Kate Aplington


Kate Adele Aplington was an American novelist, photographer, painter, suffragist, and clubwoman.
She was born Kate Adele Smith, the daughter of Henry H. Smith, a school superintendent, and Elizabeth Melinda Smith. She graduated from Polo High School in Polo, Illinois. She taught high school herself briefly at Ottawa High School in Ottawa, Illinois. In 1879, she married John Aplington, a lawyer, and they moved to Council Grove, Kansas the next year.
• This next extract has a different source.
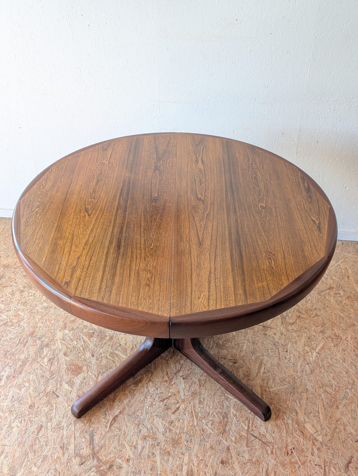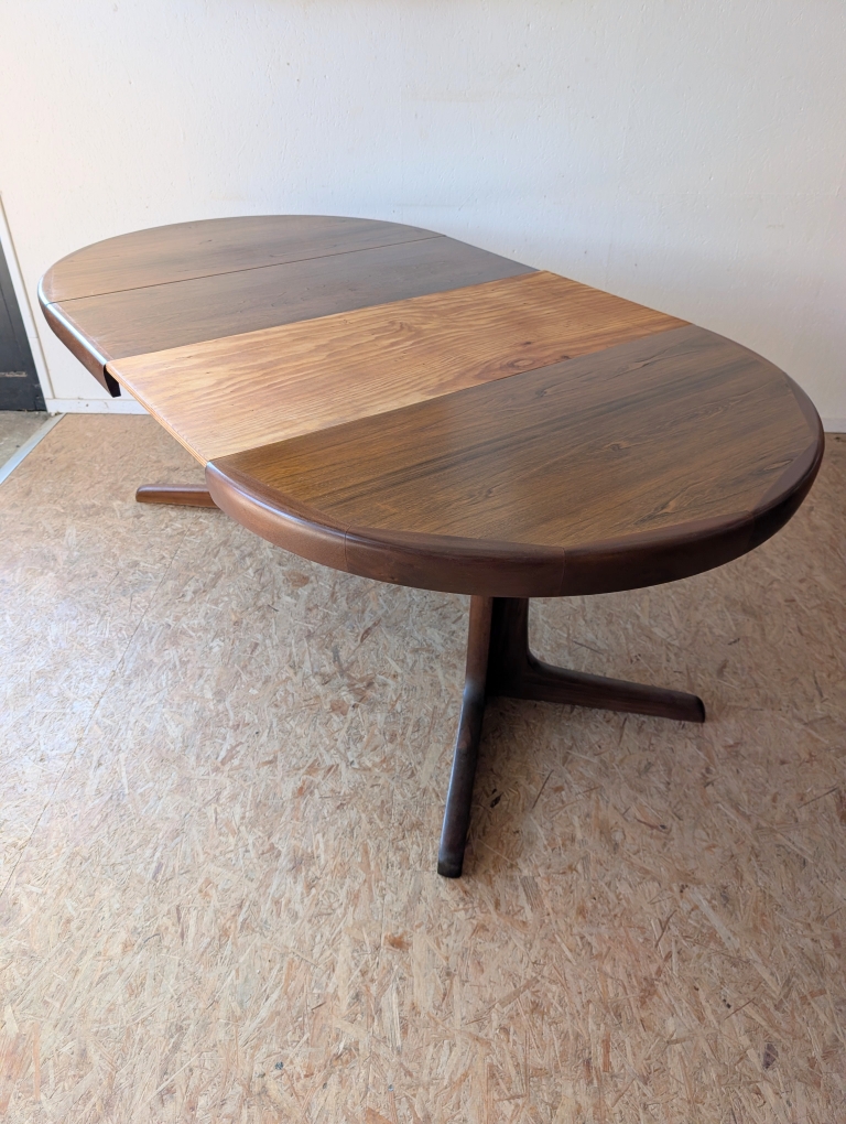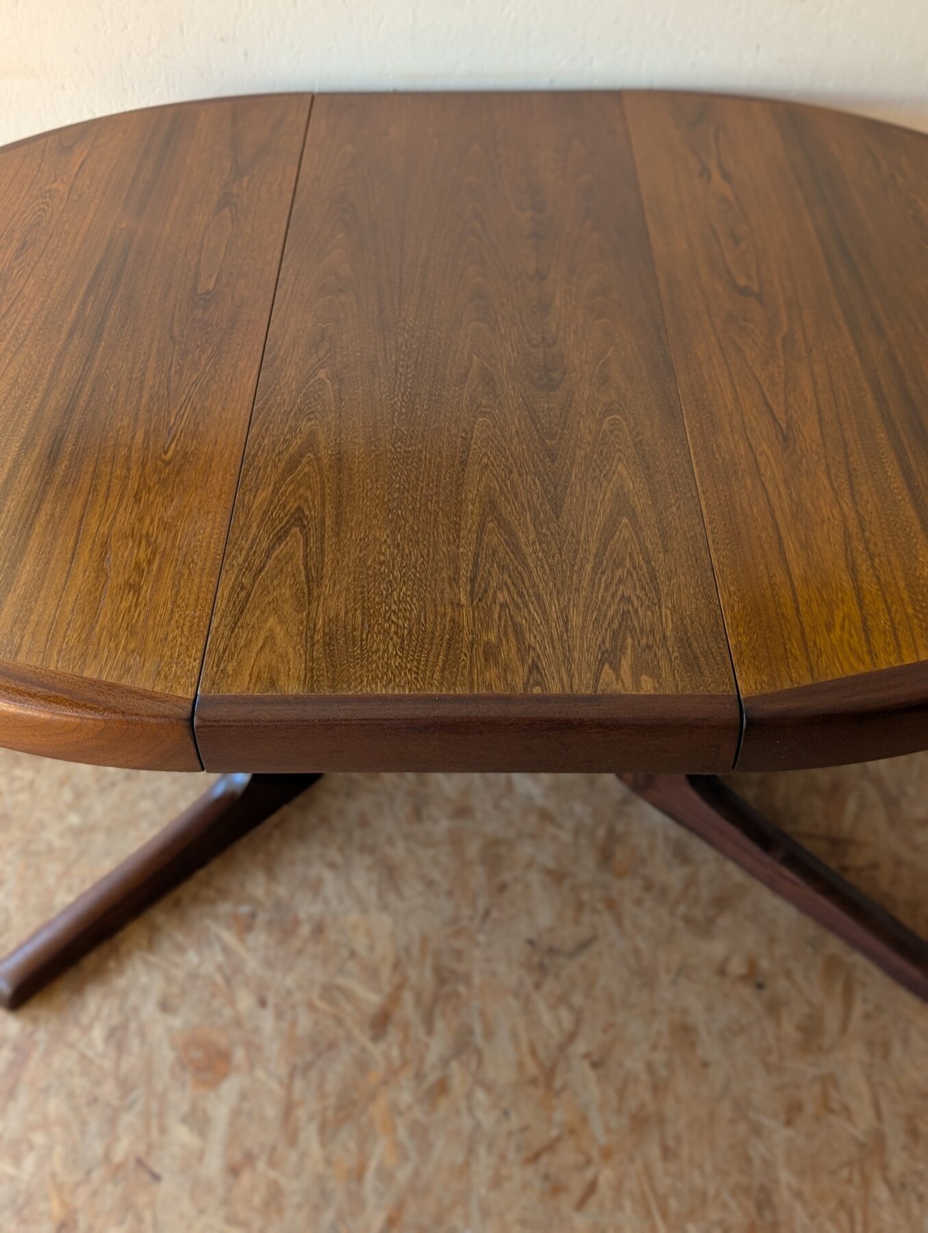 Table ronde en teck avec pied étoile de très belle facture, 3 grandeurs possibles : diamètre 110 cm, extensible à 150 cm avec une rallonge d’origine (avec même veinage et chant massif) et à 199 cm avec une autre rallonge (pas d’origine). Les rallonges sont indépendantes.

In Council Grove, Kate Aplington operated a photography studio. She was active in many civic causes. She served as recording secretary of the Kansas Equal Suffrage Association. She worked to preserve Hermit's Cave on Belfry Hill as a public park. She established the Aplington Art Gallery or the Kansas State Art Collection, a collection of art prints that toured the state of Kansas. In 1913, the Aplingtons moved to Florida, and Kate Aplington engaged in similar civic work in Miami, Florida.
Her novel Pilgrim of the Plains: A Romance of the Santa Fe Trail is the diary of Delia Randall, a girl travelling in a prairie caravan in the 1830s. At the time of her death, she had completed a book about Florida, The Strangler Tree.
Kate Adele Aplington died on September 26, 1928, aged 69, in Miami, Florida, aged.